- _EXERCISE DESCRIPTION_
Print each line below verbatim, skipping every picture.

++++ INPUT DATA ++++

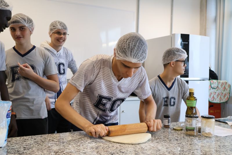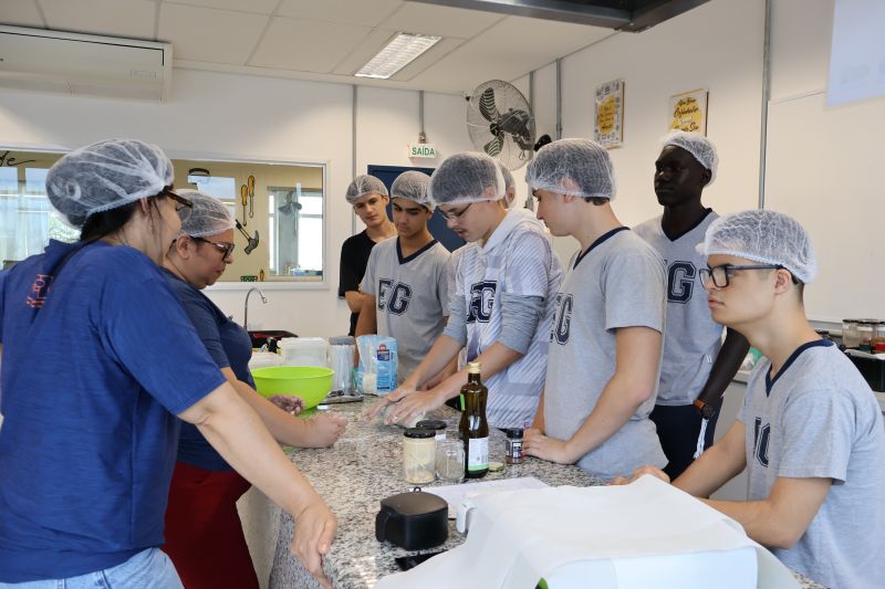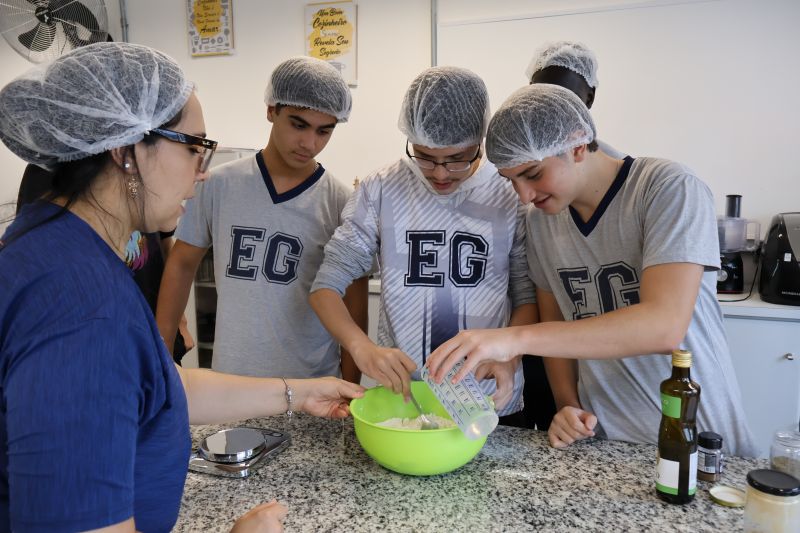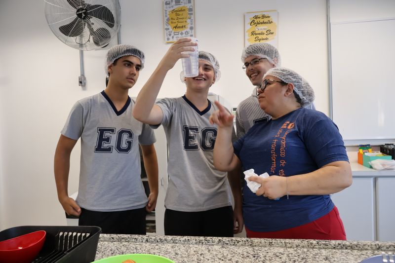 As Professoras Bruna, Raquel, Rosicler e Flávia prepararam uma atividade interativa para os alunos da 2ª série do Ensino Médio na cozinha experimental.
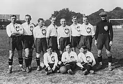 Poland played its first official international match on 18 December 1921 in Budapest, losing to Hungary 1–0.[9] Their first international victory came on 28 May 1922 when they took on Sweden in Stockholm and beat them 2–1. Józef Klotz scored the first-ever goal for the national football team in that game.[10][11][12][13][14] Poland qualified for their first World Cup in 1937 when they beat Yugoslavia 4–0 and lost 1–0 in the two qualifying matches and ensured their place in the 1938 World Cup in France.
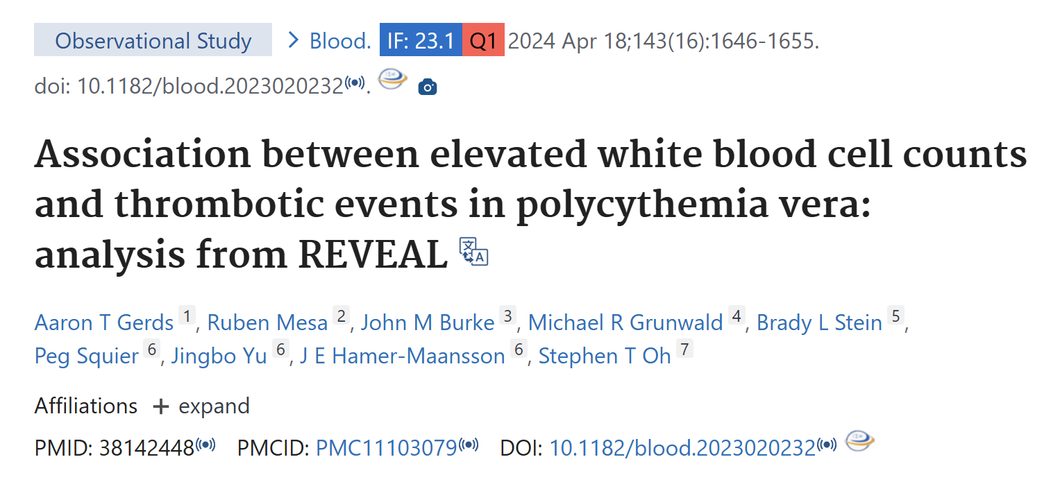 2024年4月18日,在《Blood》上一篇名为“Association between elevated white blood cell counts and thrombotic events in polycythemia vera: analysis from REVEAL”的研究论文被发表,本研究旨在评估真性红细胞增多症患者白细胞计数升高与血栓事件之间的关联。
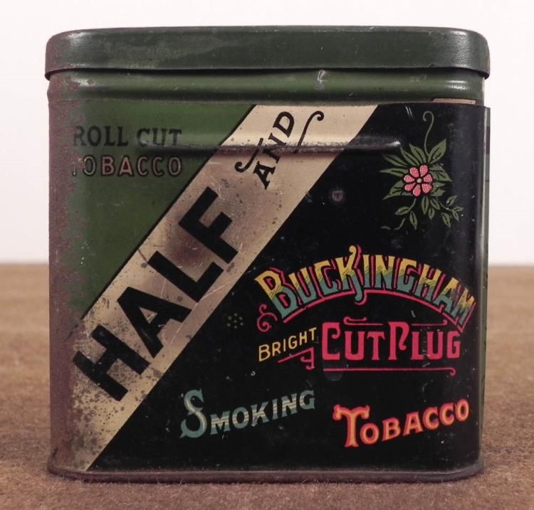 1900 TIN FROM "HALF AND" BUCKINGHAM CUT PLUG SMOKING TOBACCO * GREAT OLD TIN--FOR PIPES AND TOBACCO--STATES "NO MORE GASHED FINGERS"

++++

- _ANSWER TO THIS EXERCISE_
 As Professoras Bruna, Raquel, Rosicler e Flávia prepararam uma atividade interativa para os alunos da 2ª série do Ensino Médio na cozinha experimental.
 Poland played its first official international match on 18 December 1921 in Budapest, losing to Hungary 1–0.[9] Their first international victory came on 28 May 1922 when they took on Sweden in Stockholm and beat them 2–1. Józef Klotz scored the first-ever goal for the national football team in that game.[10][11][12][13][14] Poland qualified for their first World Cup in 1937 when they beat Yugoslavia 4–0 and lost 1–0 in the two qualifying matches and ensured their place in the 1938 World Cup in France.
 2024年4月18日,在《Blood》上一篇名为“Association between elevated white blood cell counts and thrombotic events in polycythemia vera: analysis from REVEAL”的研究论文被发表,本研究旨在评估真性红细胞增多症患者白细胞计数升高与血栓事件之间的关联。
 1900 TIN FROM "HALF AND" BUCKINGHAM CUT PLUG SMOKING TOBACCO * GREAT OLD TIN--FOR PIPES AND TOBACCO--STATES "NO MORE GASHED FINGERS"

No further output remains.